- WHAT THIS TASK INVOLVES -
Make an exact copy of the data below, leaving out every picture.

- RECORDED DATA -
□ □ □ □

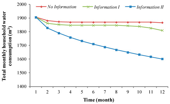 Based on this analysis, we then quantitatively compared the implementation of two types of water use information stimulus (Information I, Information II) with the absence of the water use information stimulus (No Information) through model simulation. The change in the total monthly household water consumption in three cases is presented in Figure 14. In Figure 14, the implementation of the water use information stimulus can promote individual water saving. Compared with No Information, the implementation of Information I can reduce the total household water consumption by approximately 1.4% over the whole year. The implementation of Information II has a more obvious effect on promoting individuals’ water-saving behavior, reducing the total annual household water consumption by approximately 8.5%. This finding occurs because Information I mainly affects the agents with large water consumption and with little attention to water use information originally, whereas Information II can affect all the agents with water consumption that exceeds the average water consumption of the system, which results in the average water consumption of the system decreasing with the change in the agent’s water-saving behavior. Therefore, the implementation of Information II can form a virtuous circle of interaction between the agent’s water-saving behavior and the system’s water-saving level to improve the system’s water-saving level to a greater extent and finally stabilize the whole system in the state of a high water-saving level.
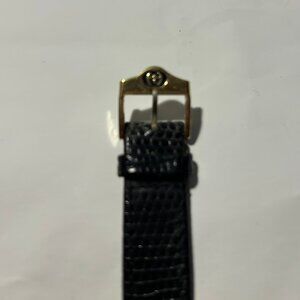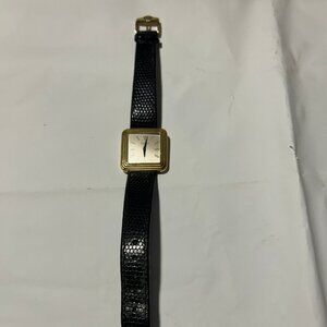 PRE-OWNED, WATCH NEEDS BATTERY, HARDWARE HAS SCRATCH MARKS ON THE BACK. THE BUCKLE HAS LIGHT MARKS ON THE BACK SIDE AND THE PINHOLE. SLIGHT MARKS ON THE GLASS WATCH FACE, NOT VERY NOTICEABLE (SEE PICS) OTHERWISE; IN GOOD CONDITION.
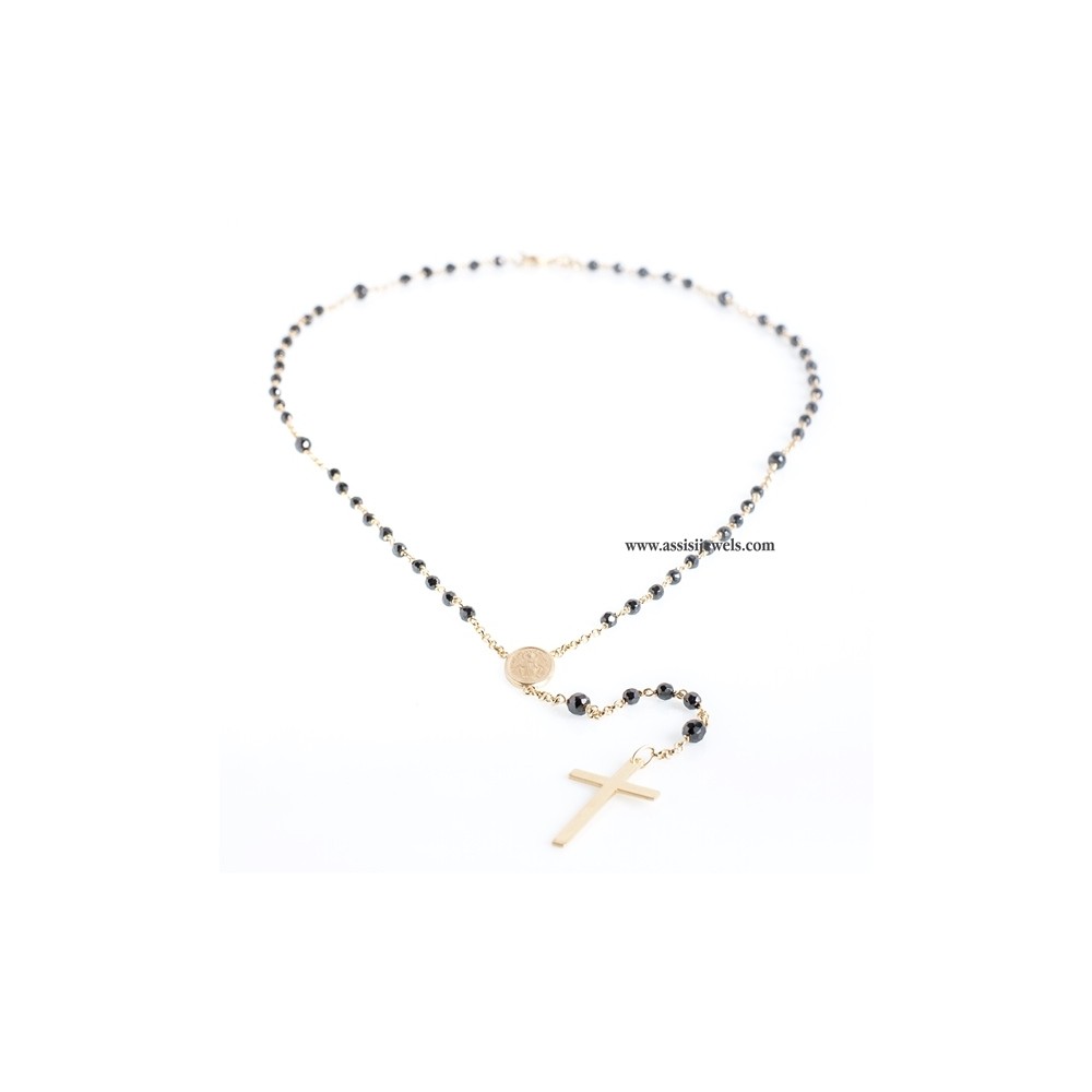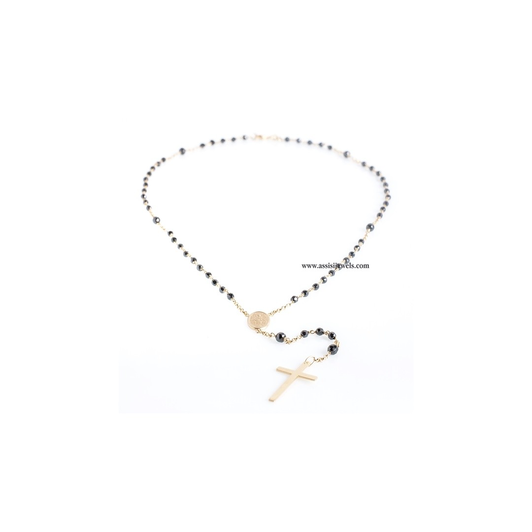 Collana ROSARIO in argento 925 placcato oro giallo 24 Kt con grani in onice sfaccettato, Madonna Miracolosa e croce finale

□ □ □ □

- EXERCISE RESPONSE -
 Based on this analysis, we then quantitatively compared the implementation of two types of water use information stimulus (Information I, Information II) with the absence of the water use information stimulus (No Information) through model simulation. The change in the total monthly household water consumption in three cases is presented in Figure 14. In Figure 14, the implementation of the water use information stimulus can promote individual water saving. Compared with No Information, the implementation of Information I can reduce the total household water consumption by approximately 1.4% over the whole year. The implementation of Information II has a more obvious effect on promoting individuals’ water-saving behavior, reducing the total annual household water consumption by approximately 8.5%. This finding occurs because Information I mainly affects the agents with large water consumption and with little attention to water use information originally, whereas Information II can affect all the agents with water consumption that exceeds the average water consumption of the system, which results in the average water consumption of the system decreasing with the change in the agent’s water-saving behavior. Therefore, the implementation of Information II can form a virtuous circle of interaction between the agent’s water-saving behavior and the system’s water-saving level to improve the system’s water-saving level to a greater extent and finally stabilize the whole system in the state of a high water-saving level.
 PRE-OWNED, WATCH NEEDS BATTERY, HARDWARE HAS SCRATCH MARKS ON THE BACK. THE BUCKLE HAS LIGHT MARKS ON THE BACK SIDE AND THE PINHOLE. SLIGHT MARKS ON THE GLASS WATCH FACE, NOT VERY NOTICEABLE (SEE PICS) OTHERWISE; IN GOOD CONDITION.
 Collana ROSARIO in argento 925 placcato oro giallo 24 Kt con grani in onice sfaccettato, Madonna Miracolosa e croce finale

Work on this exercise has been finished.